Le jeu de la dame
Dans les années 50, suite au décès de sa mère dans un accident de la route et en l'absence de père légitime, Beth Harmon, 9 ans, est placée dans un orphelinat catholique du Kentucky. Seule lueur d'espoir au milieu d'un quotidien bien morne où les enfants sont sédatés, ses parties d'échecs endiablées avec le gardien des lieux, en cachette de tous.
Composée de sept épisodes, adaptation du roman éponyme de Walter Tevis paru en 1990 chez Albin Michel, la mini‑série The Queen’s Gambit (ou Le jeu de la dame en français) est une plongée en apnée dans le génial esprit borderline d’une jeune fille qui va trouver dans les échecs un moyen de ne pas sombrer dans la folie et la solitude, où chaque partie d’échecs a été conçue comme une véritable scène d’action accessible à tous (pas besoin d'être fin connaisseur pour les apprécier), prenant même parfois des allures surnaturelles quand Beth rejoue mentalement ses parties une fois seule dans sa chambre.
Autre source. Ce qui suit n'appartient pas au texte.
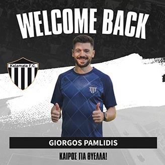 Η ΠΑΕ Καλαμάτα είναι στην ευχάριστη θέση να ανακοινώσει την παραμονή του ποδοσφαιριστή Γιώργου Παμλίδη, ανανεώνοντας τον δανεισμό του από την ΠΑΕ Άρης για μια ακόμα σεζόν.

Des combats où le hasard n’a aucune prise, centrés sur la mémoire, la connaissance, la stratégie et la discipline, des domaines où justement Beth excelle. Et c'est tout le talent de Scott Frank qui s'exprime à travers sa mise en scène, redoublant de trouvailles (les commentaires radiophoniques des parties par exemple, ou encore les incrustations vidéo) pour toujours plus de fascination et de glamour autour d'un jeu de stratégie a priori froid et mécanique.
Une fascination que l'on doit aussi largement à la prestation d'Anya Taylor‑Joy qui interprète Beth dans la série. L’actrice de 24 ans a été découverte dans Peaky Blinders et Split de M. Night Shyamalan. Visage impassible, gestuelle économe mais regard ultra‑expressif et chevelure flamboyante, elle compose une héroïne atypique et fascinante entourée de personnages secondaires eux aussi à la hauteur, notamment la mère adoptive de Beth dont le devenir est malheureusement un peu trop téléphoné à l'avance.
Dans le fond, la série illustre bien sûr le combat d'une femme dans un milieu exclusivement masculin à l'époque. Un discours féministe dosé à la perfection à qui il manque encore un petit supplément d’émotion pour faire de La dame du jeu une grande série.